Because if my children are anything like me, all this shopping and ogling over school supplies and all this excitement over starting a new year will likely one day be replaced by a determination not to screw things up yet again.

I was never a standout in school. Nowhere near honor-role caliber. Average at best. I suppose I had the smarts to do better and be more, but not the drive or discipline. What people thought of me and how I fit in mattered much more than learning the Pythagorean theorem or how photosynthesis worked. Then, and sometimes now, the things that really shouldn’t matter at all mattered very much.

For me, the best days of the school year were the first few and the last few. The first few because they always held the most promise. The last few because by then I had firmly entrenched myself in my yearly rut of getting by rather than pulling ahead, and just wanted everything over with.

But summer vacation is the Great Eraser, three months of sunshine and play that put enough distance between me and the previous nine months to suggest the next year might be mine to own. Back-to-school shopping would always cement that thought. All those fresh notebooks with empty pages waiting to be filled with knowledge? Pencils sharp and wood-scented, ready to chew on in deep thought? And of course there was the epitome of student organization, the Trapper Keeper. Those were the weapons I would wield in the battle against myself.
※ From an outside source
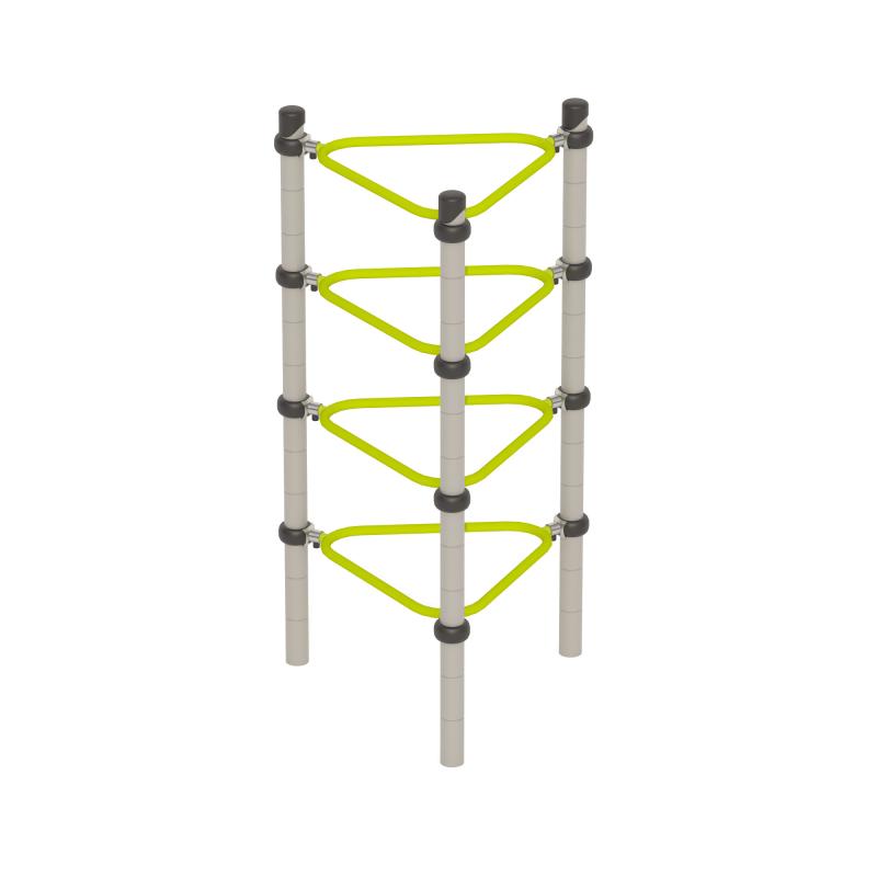 Спортивно - игровой комплекс для тематических игр и физического развития предназначен для детей в возрасте от 8 до 12 лет. Изделие представляет собой устойчивую конструкцию, обеспечивающую безопасные условия для занятий на открытом воздухе. Конструкция обладает высокой ударопрочностью и виброустойчивостью.Выполнен в виде металлических стоек, образующих треугольник.

And it always worked for the first few weeks, after which those notebooks would be filled with doodles born of boredom and angst, the pencils would be thrown at either a classmate or the ceiling, and my Trapper Keeper would have been torn to shreds and abandoned in the bottom of my locker.
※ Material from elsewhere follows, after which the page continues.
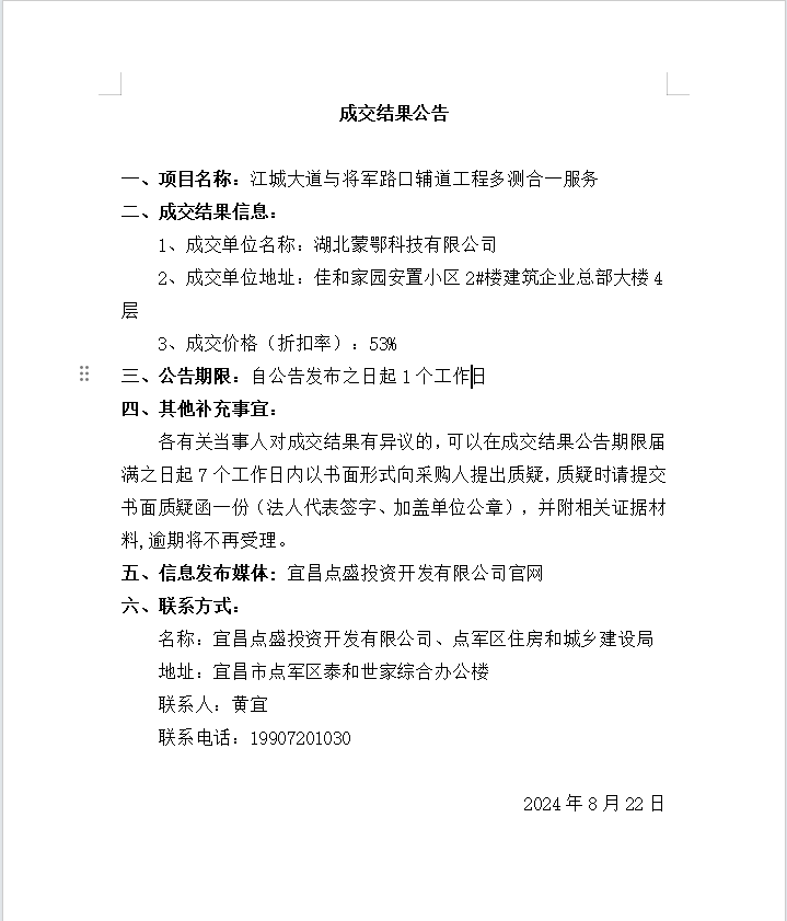 江城大道與將軍路口輔道工程多測合一服務成交公告

We have good intentions, don’t we? Every notion to make the next day our best, to rise above petty thoughts and empty words and become who we know we can be. And still every night we close our eyes with the nagging thoughts of who we let down and what we couldn’t measure up to.

Just as we can’t be the perfect student, we’ll never be the perfect people. Deep down we all know this. But we also know that just because our feet are stuck in the mud of this world doesn’t mean our hands can’t reach ever higher toward the sky. Just because we cannot fly doesn’t mean we shouldn’t stand tall.

That’s what I want my children to know as they walk these aisles.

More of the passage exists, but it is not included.